“You didn’t like me either?” Her turn to be surprised.
“You were the best looking woman in the neighborhood. No, I wasn’t crazy about you. And remember a couple of years ago when you tried your hardest to make me throw up while I was learning to clean and skin rabbits.”
“Why’d you want to learn that, anyway?” she asked.
“Blood, guts, worms… . I just figured, `There she goes again, sticking her nose where it don’t belong.
Well, let her have it!”’
“I wanted to know that I could do that— handle a dead animal, skin it, butcher it, treat its hide to make leather. I wanted to know how to do it, and that I could do it without getting sick.”
“Why?”
“Because I thought someday I might have to. And we might out here. Same reason I put together an emergency pack and kept it where I could grab it.”
“I wondered about that— about you having all that stuff from home, I mean. At first I thought maybe you got it all when you went back. But no, you were ready for all the trouble. You saw it coming.”
“No.” I shook my head, remembering. “No one could have been ready for that. But… . I thought something would happen someday. I didn’t know how bad it would be or when it would come. But everything was getting worse: the climate, the economy, crime, drugs, you know. I didn’t believe we would be allowed to sit behind our walls, looking clean and fat and rich to the hungry, thirsty, homeless, jobless, filthy people outside.”
She turned again and lay on her back, staring upward at the stars. “I should have seen some of that stuff,” she said. “But I didn’t. Those big walls.
And everybody had a gun. There were guards every night. I thought… . I thought we were so strong.”
I put my notebook and pen down, sat on my sleepsack, and put my own pillowcased bundle behind me. Mine was lumpy and uncomfortable to lean on. I wanted it uncomfortable. I was tired.
Everything ached. Given a little comfort, I would fall asleep.

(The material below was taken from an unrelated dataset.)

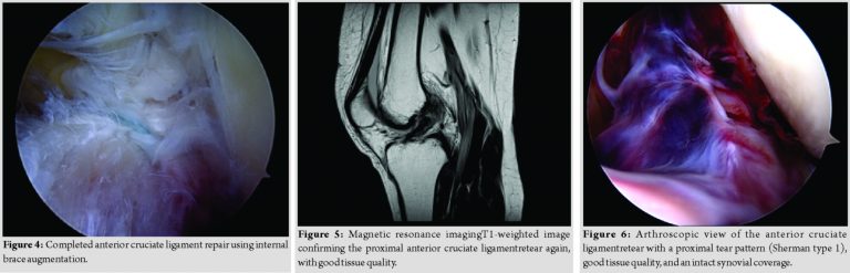 Conclusion: Arthroscopic ACL re-repair using internal brace augmentation is feasible and provides objective and subjective short-term clinical success as a revision surgery for primary ACL repair with internal brace augmentation. However, critical patient selection – including assessment of the ACL retear pattern and tissue quality – and prompt surgery are essential.

The sun was down now, and our fire had gone out except for a few glowing coals. I drew the gun and held it in my lap. If I needed it at all, I would need it fast. We weren’t strong enough to survive slowness or stupid mistakes.
I sat where I was for three weary, terrifying hours.

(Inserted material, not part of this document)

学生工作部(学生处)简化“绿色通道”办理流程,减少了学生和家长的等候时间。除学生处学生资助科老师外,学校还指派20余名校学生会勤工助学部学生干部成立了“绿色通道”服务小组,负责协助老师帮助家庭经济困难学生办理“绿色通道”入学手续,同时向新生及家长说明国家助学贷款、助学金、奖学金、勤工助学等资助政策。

Nothing happened to me, but I could see and hear things happening. There were people moving around the hills, sometimes silhouetting themselves against the sky as they ran or walked over the tops of hills. I saw groups and individuals. Twice I saw dogs, distant, but alarming. I heard a lot of gunfire-individual shots and short bursts of automatic weapons fire. That last and the dogs worried me, scared me. A pistol would be no protection against a machine gun or automatic rifle. And dogs might not know enough to be afraid of guns. Would a pack keep coming if I shot two or three of its members? I sat in a cold sweat, longing for walls— or at least for another magazine or two for the gun.
It was nearly midnight when I woke Harry, gave him the gun and the watch, and made him as uncomfortable as I could by warning him about the dogs, the gunfire, and the many people who wandered around at night. He did look awake and alert enough when I lay down.
I fell asleep at once. Aching and exhausted, I found the hard ground as welcoming as my bed at home.
A shout awoke me. Then I heard gunfire— several single shots, thunderous and nearby. Harry?
Something fell across me before I could get out of my sleepsack— something big and heavy. It knocked the breath out of me. I struggled to get it off me, knowing that it was a human body, dead or unconscious. As I pushed at it and felt its heavy beard stubble and long hair, I realized it was a man, and not Harry. Some stranger.
I heard scrambling and thrashing near me. There were grunts and sounds of blows. A fight. I could see them in the darkness— two figures struggling on the ground. The one on the bottom was Harry.
He was fighting someone over the gun, and he was losing. The muzzle was being forced toward him.
That couldn’t happen. We couldn’t lose the gun or Harry. I took a small granite boulder from our fire pit, set my teeth,and brought it down with all my strength on the back of the intruder’s head. And I brought myself down.
It wasn’t the worst pain I had ever shared, but it came close. I was worthless after delivering that one blow. I think I was unconscious for a while.
Then Zahra appeared from somewhere, feeling me, trying to see me. She wouldn’t find a wound, of course.
I sat up, fending her off, and saw that Harry was there too.
“Are they dead?” I asked.
“Never mind them,” he said. “Are you all right?”
I got up, swaying from the residual shock of the blow. I felt sick and dizzy, and my head hurt. A few days before, Harry had made me feel that way and we’d both recovered. Did that mean the man I’d hit would recover?
I checked him. He was still alive, unconscious, not feeling any pain now. What I was feeling was my own reaction to the blow I’d struck.
“The other one’s dead,” Harry said. “This one… .
Well, you caved in the back of his head. I don’t know why he’s still alive.”
“Oh, no,” I whispered. “Oh hell.” And then to Harry.
“Give me the gun.”
“Why?” he asked.
My fingers had found the blood and broken skull, soft and pulpy at the back of the stranger’s head.